New laws were signed during the week to spur economic development, and to protect property owners while targeting criminal activity.
EDGE Tax Credit Signing
On September 18, the long-awaited overhaul of the Illinois Economic Development for a Growing Economy (EDGE) tax credit legislation was signed into law.  House Bill 162 was a bipartisan measure that supporters say is a critically important tool to helping boost economic development in Illinois by encouraging job creation, growth and competitiveness.
Key updates to the law encourage more transparency, requiring the EDGE agreements to be posted within 10 days of the project being secured in Illinois.  Additionally, incentives will encourage Illinois employers to expand their businesses into more economically-depressed areas of the state, while eligibility thresholds will be lowered to allow more small businesses to grow in Illinois.
Proponents of the new law underscore the important role the EDGE program plays in border communities, which are frequently competing with neighboring states.  The EDGE program helps these border communities remain competitive by keeping established businesses in Illinois and encouraging new job-creators to settle in-state.
More information about the EDGE tax credit program is available at
Civil Asset Forfeiture Revamp Becomes Law
The Governor also signed legislation during the week to restructure Illinois’ civil forfeiture laws.
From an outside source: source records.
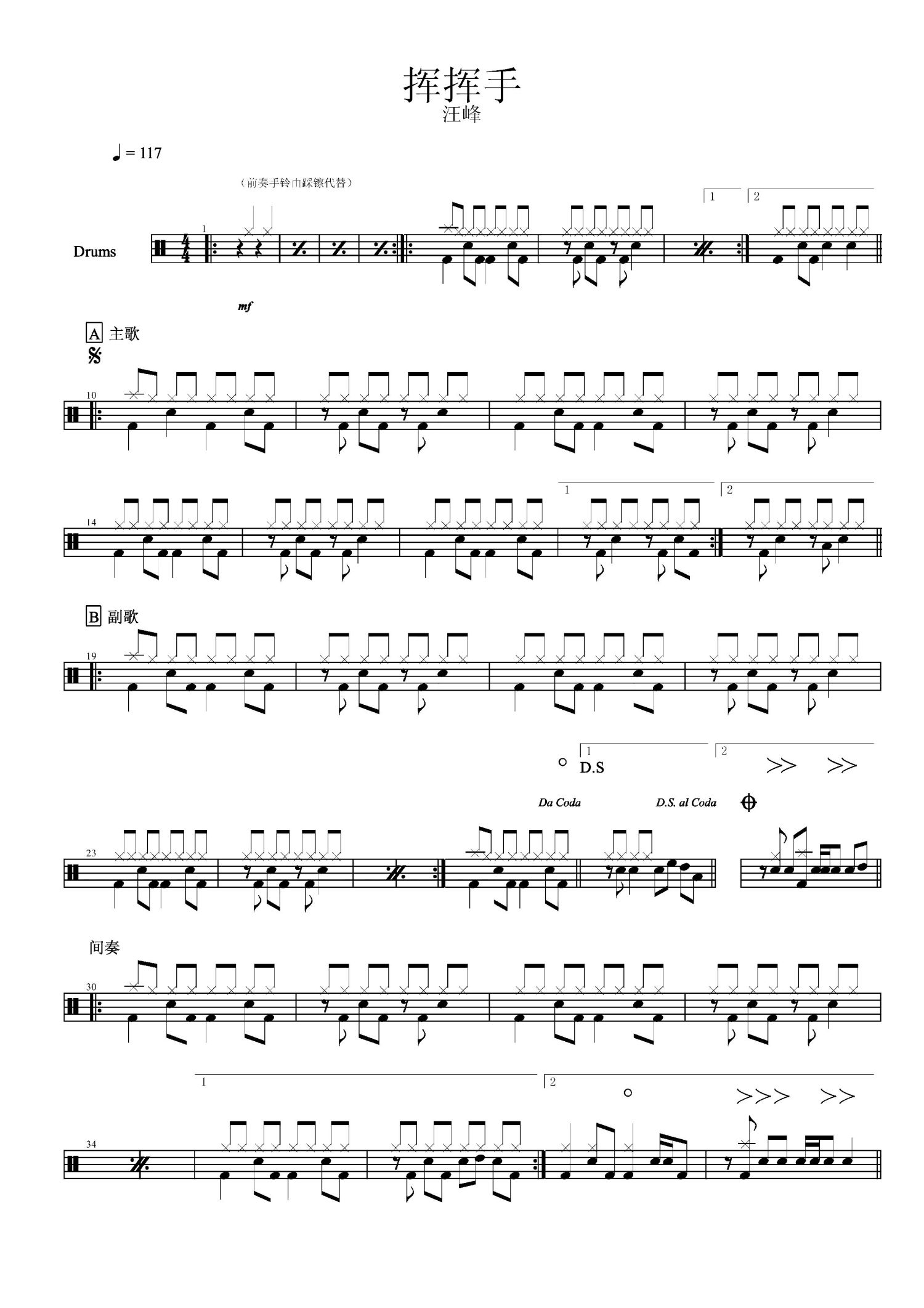 • 挥挥手鼓谱 - 汪峰 - 架子鼓谱第1张
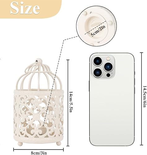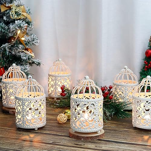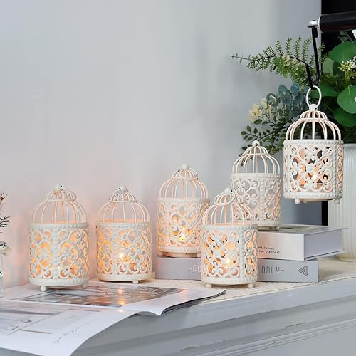JHY DESIGN Lot de 6 Centres de Tableau de Mariage 14 cm de Haut Petit Bougeoir Métal à Suspendre en Forme de Cage à Oiseaux Lanterne Creuse pour Table Saint-Valentin Intérieur Extérieur (Blanc)
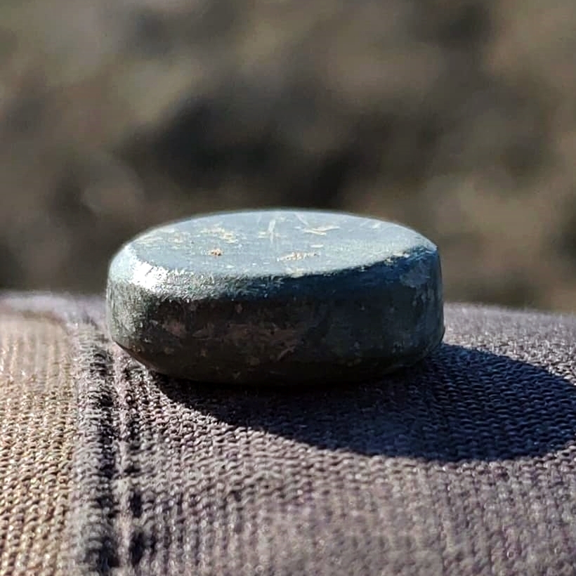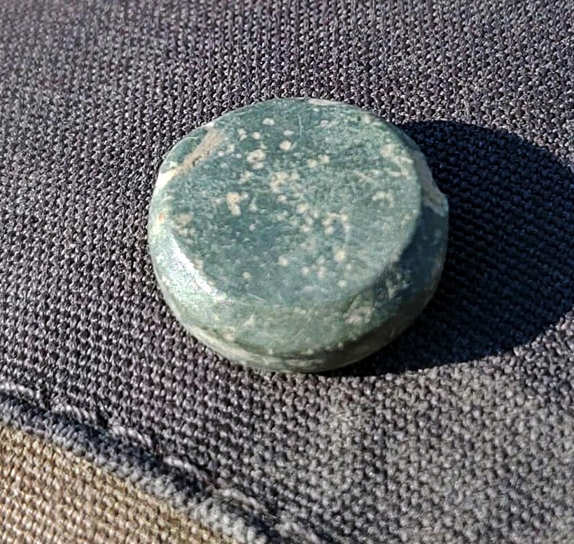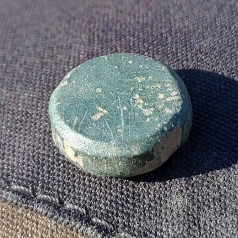 Beskrivelse: Sylinderformet vektlodd, handelsvektlodd til skålvekt. Årstall: 793-1066-e.Kr. Tidsepoke: Vikingtid Materiale: Kobberlegering Tykkelse: 3,5 mm Diameter: 11 mm.Ø. Vekt: 2,8 gram Funnet av: Frode Johansen Dato: 17 april 2021 Fylke: Østfold i Viken Kommune: Askim - Indre Østfold Type terreng: Dyrket mark Innlevert til: Fylkesarkeologen i Viken fylkeskommune.Detaljer:

House Bill 303 seeks to strike the proper balance between targeting criminal enterprise and safeguarding the rights of innocent property owners.  The new law seeks to improve the current system by providing increased protections for property owners and requiring greater accountability from law enforcement.
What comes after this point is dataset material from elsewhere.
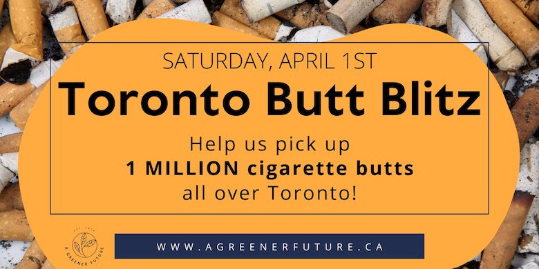 As the snow melts away and all the butts are released from their snowbanks we would love to have you join us for a world record-breaking event! In February of 2022 a cleanup in Paris, France resulted in 855,000 butts being picked up in 3 hours. We can beat that, right? Of course we can! Let’s make Toronto shine and send all those butts to be recycled.
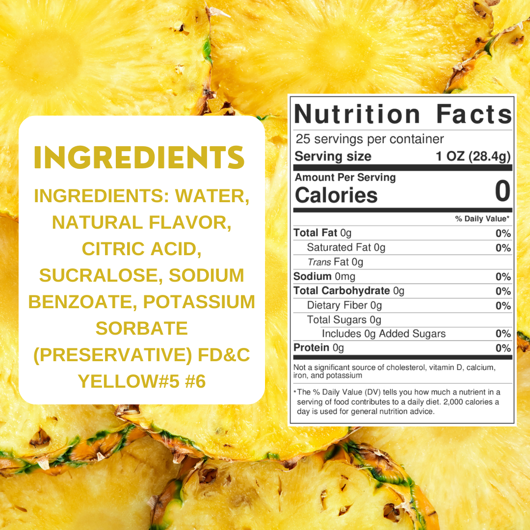 Introducing our tropical delight: Sugar-Free Pineapple Simple Syrup. This syrup lets you savor the exotic essence of juicy pineapples without the guilt. With zero sugar and all the vibrant, fruity flavor you crave, this syrup is a game-changer for health-conscious foodies and pineapple enthusiasts.

Asset forfeiture laws target the heart of much criminal activity – the financial gain.  Law enforcement finds the seizure of monetary assets to be an effective way to target drug trafficking organizations and high-level drug suppliers.

However, when asset forfeiture is not utilized appropriately it can have a significant, negative economic impact on innocent property owners.  In some instances, innocent parties have been forced to forfeit their cash, vehicles, or even their homes, creating financial insecurity and disrupting their lives and the lives of their family members.
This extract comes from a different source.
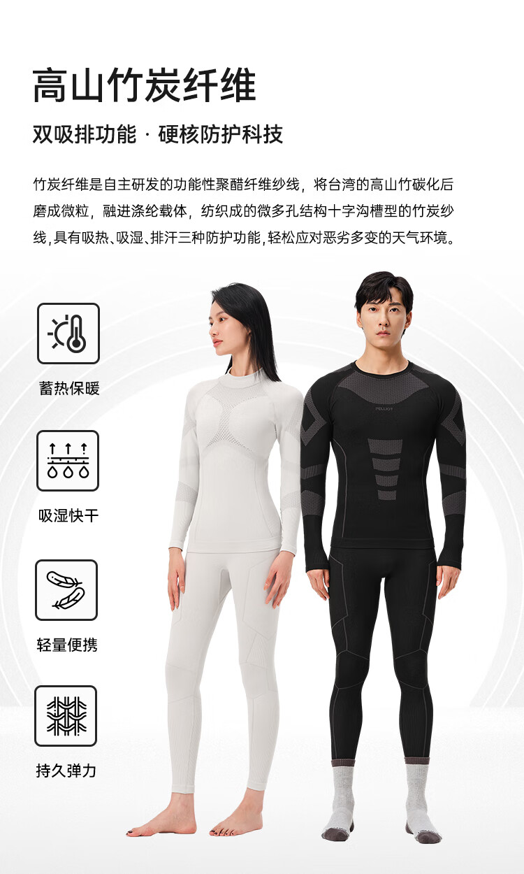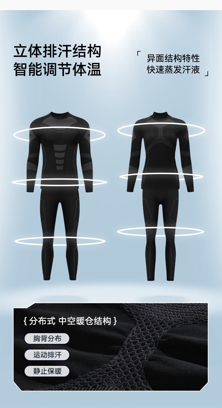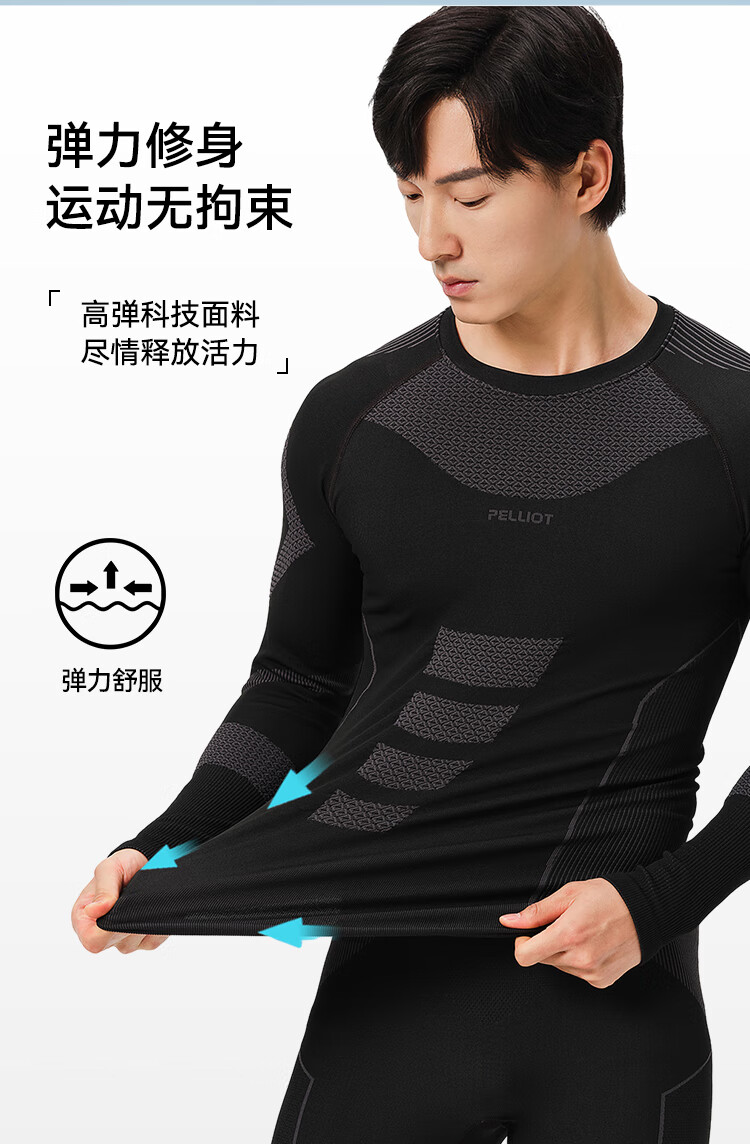 Pelliot thermal functional underwear compression clothing men's and women's ski quick-drying velvet tights 11331801 men's black L

Under the new law, Illinois’ civil forfeiture law mirrors federal standards, shifting the burden of proving guilt to the government in order to seize property, instead of requiring the property owner to prove their innocence.  The government must also demonstrate a higher burden of proof, increasing from probable cause to a preponderance of evidence.  The new law also creates an expedited process for innocent owners to have the cases adjudicated more quickly.

Additionally, the law requires new data collection with regard to seizure of property by police departments and forfeitures by prosecutors in Illinois.  The information must be reported to the State Police, and then posted on ISP’s website, so that taxpayers and lawmaker can determine how much property is being seized by different law enforcement agencies in Illinois; how much and what type of seized property is being forfeited; the amount of forfeiture proceeds received by law enforcement agencies; and how those agencies spend the money.